With advances in the field of meteorology, modern fire fighting teams can also rely on detailed forecasts to predict more than two weeks’ worth of weather in and around the burn area, Jolly said. And not least of all, fire behaviour specialists can now access models that combine satellite mapping with ecological data collected on the ground to create high-resolution maps of vegetation and fuels present on the landscape. “If we don’t have landscape-scale descriptions of the fuels, then it’s just a guess,” he said.
Yet while the science of fire fighting has developed substantially since the ’88 fires, much of the tactics remain the same. The military-style “incident command” structure that firefighting teams use today has been in place since a few years before the Yellowstone fires broke out. “The actual tactics of how they’re going to engage the fire are still determined from what they see, the observations and likelihood that something might change,” Jolly said.

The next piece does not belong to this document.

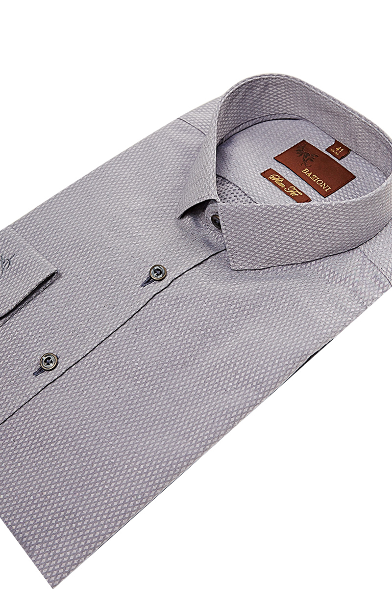 Slim fit, воротник-узкий, манжет с закругленными краями, застежка - ложная планка.

Even Rothermel, who had a habit of showing up to large wildfires to study fire behaviour in its natural environment, understood the limited value his models could provide without solid data gathered from the front lines.

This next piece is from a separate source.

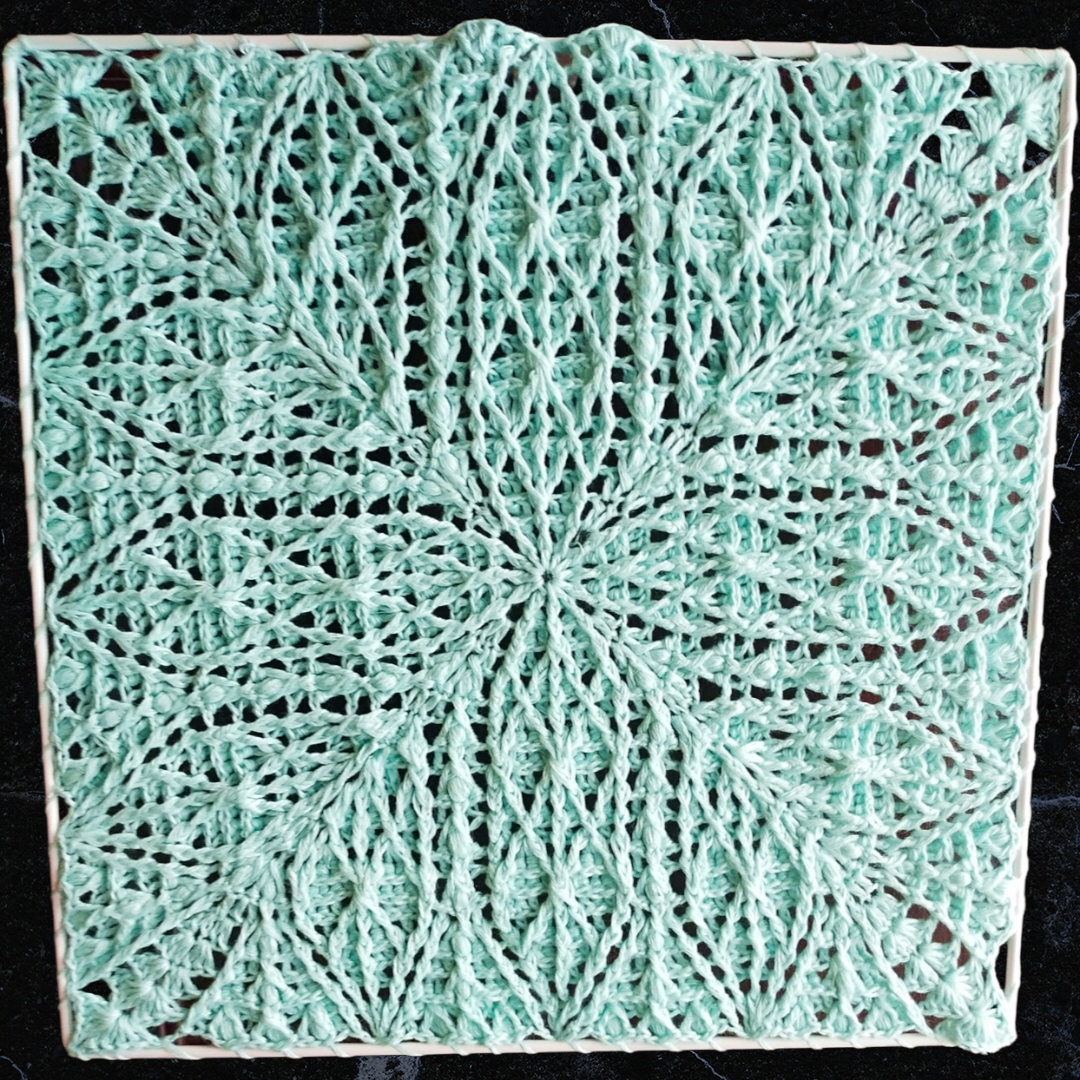 Moja wersja powstała z włóczki bambus z bawełną, o metrażu ok 210m, szydełko nr 2,5 , bok 30 cm.

Working on a separate fire burning near Glacier National Park, Krebs said he unexpectedly bumped into the computer-toting engineer walking around with one of his colleagues and punching numbers into the portable device. “I was in charge of prescribing when they would do a burnout on this fire and here come these two guys from the fire science lab,” Krebs said. “I said, ‘You’re scaring the heck out of me, man, with that little black box in your hand.’ … He said, ‘John, it’s not what comes out of this black box, it’s what goes into it that makes the difference. You’re not going to get an answer unless you know what goes into getting that answer.’”
But while the science that fire fighters use to plan their approach has progressed dramatically since 1988, the type of fire behaviour seen in Yellowstone that year has simply become more common in the West. “Those of us that were out there during that summer of ’88 thought that this would be one of the summers to end all summers. It was just incredible how much fire was out there on the landscape,” Poncin said. “Looking back, it was more of a foreshadowing of what we’re going to see more and more of. That was probably one of my big takeaways.”